* [Excerpted records]
──────

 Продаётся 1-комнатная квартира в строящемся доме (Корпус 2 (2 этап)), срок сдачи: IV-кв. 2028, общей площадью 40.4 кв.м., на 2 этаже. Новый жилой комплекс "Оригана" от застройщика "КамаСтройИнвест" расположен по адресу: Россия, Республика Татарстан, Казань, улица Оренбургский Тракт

──────

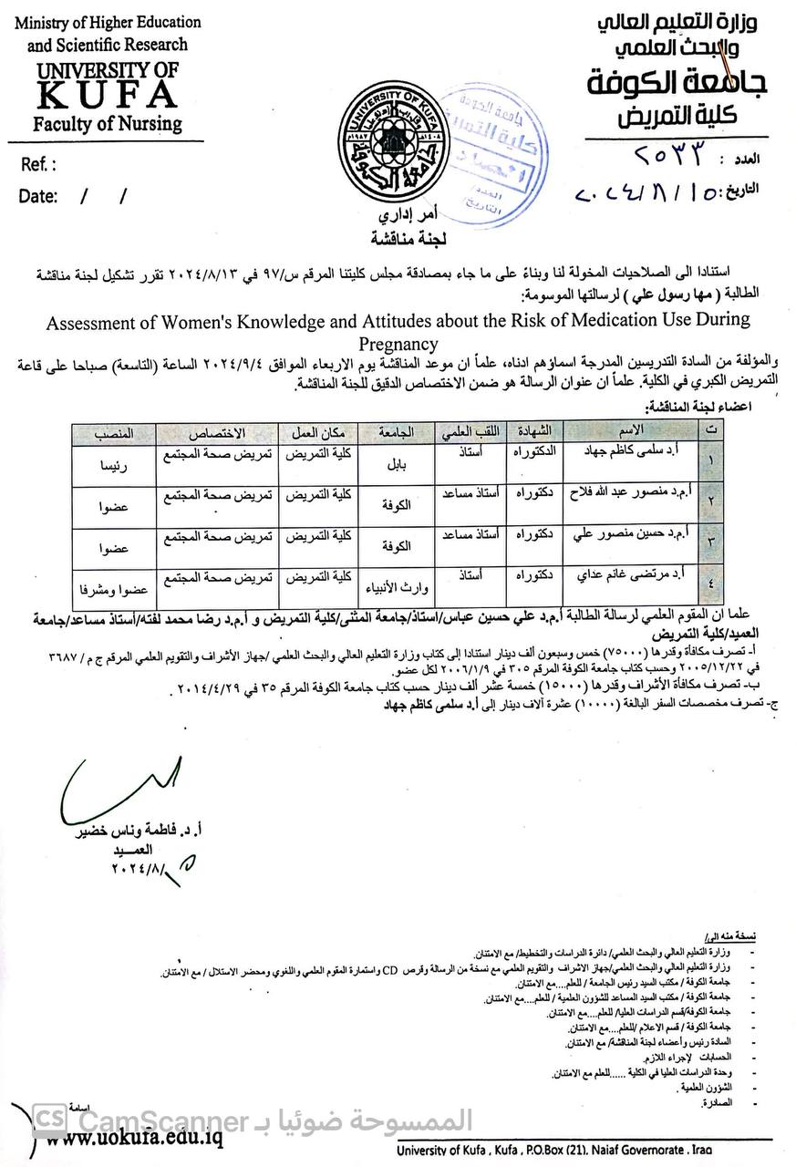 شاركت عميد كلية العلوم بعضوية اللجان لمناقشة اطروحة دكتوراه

──────

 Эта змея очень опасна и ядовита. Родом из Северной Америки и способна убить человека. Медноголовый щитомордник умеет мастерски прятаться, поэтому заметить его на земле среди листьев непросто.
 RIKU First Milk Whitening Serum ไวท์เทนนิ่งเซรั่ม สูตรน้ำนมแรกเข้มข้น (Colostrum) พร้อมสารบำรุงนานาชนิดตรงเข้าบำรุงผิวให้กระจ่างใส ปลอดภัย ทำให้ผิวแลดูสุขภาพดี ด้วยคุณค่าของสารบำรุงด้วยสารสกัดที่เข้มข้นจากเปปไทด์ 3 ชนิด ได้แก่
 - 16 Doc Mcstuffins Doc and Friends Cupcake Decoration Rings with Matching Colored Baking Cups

──────

* [Brief] Could you set down, word for word, only the lines above from the line with "RIKU First Milk" to the line with "- 16 Doc Mcstuffins", including both?

* [Solved problem]
 RIKU First Milk Whitening Serum ไวท์เทนนิ่งเซรั่ม สูตรน้ำนมแรกเข้มข้น (Colostrum) พร้อมสารบำรุงนานาชนิดตรงเข้าบำรุงผิวให้กระจ่างใส ปลอดภัย ทำให้ผิวแลดูสุขภาพดี ด้วยคุณค่าของสารบำรุงด้วยสารสกัดที่เข้มข้นจากเปปไทด์ 3 ชนิด ได้แก่
 - 16 Doc Mcstuffins Doc and Friends Cupcake Decoration Rings with Matching Colored Baking Cups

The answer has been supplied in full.